== RECORDED INFORMATION ==

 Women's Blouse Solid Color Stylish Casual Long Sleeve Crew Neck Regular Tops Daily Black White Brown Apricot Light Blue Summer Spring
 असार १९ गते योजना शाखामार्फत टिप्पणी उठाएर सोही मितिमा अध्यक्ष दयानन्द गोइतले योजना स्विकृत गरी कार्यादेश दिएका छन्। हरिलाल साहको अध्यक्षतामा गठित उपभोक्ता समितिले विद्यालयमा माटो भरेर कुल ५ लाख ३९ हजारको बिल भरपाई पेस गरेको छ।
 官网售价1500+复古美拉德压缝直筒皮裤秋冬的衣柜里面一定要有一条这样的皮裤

===
== RECORDED INFORMATION ==

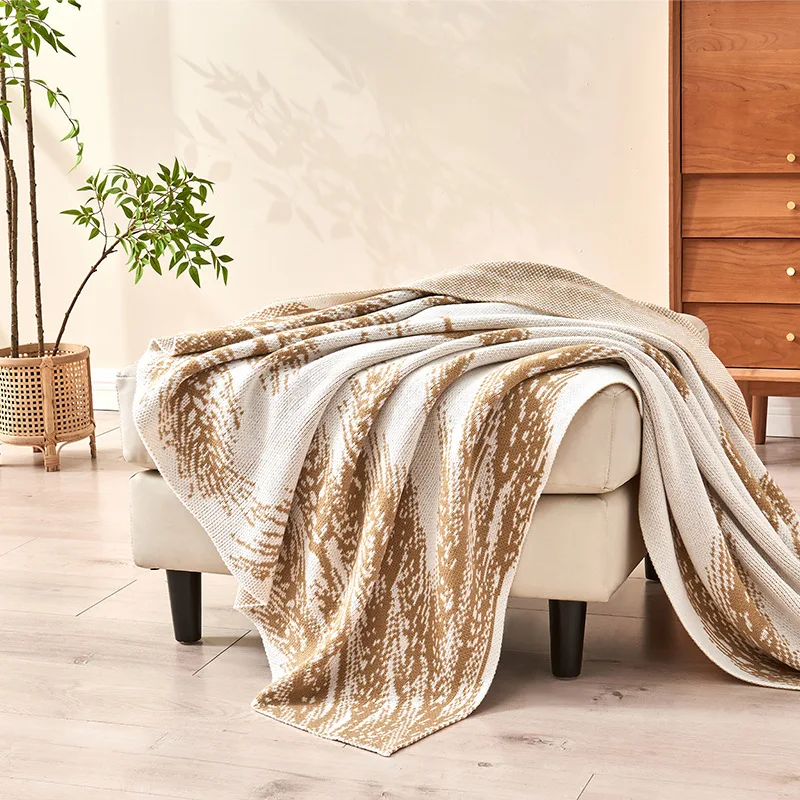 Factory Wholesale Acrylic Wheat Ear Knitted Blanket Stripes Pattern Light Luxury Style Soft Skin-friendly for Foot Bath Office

===

**WHAT THIS TASK INVOLVES:** Once you find the line with "असार १९ गते" in the entries above, output it and each line after it up to and including the line with "官网售价1500+复古美拉德压缝直筒皮裤秋冬的衣柜里面一定要有一条这样的皮裤", and nothing else.

**RESULT OF THIS EXERCISE:**
 असार १९ गते योजना शाखामार्फत टिप्पणी उठाएर सोही मितिमा अध्यक्ष दयानन्द गोइतले योजना स्विकृत गरी कार्यादेश दिएका छन्। हरिलाल साहको अध्यक्षतामा गठित उपभोक्ता समितिले विद्यालयमा माटो भरेर कुल ५ लाख ३९ हजारको बिल भरपाई पेस गरेको छ।
 官网售价1500+复古美拉德压缝直筒皮裤秋冬的衣柜里面一定要有一条这样的皮裤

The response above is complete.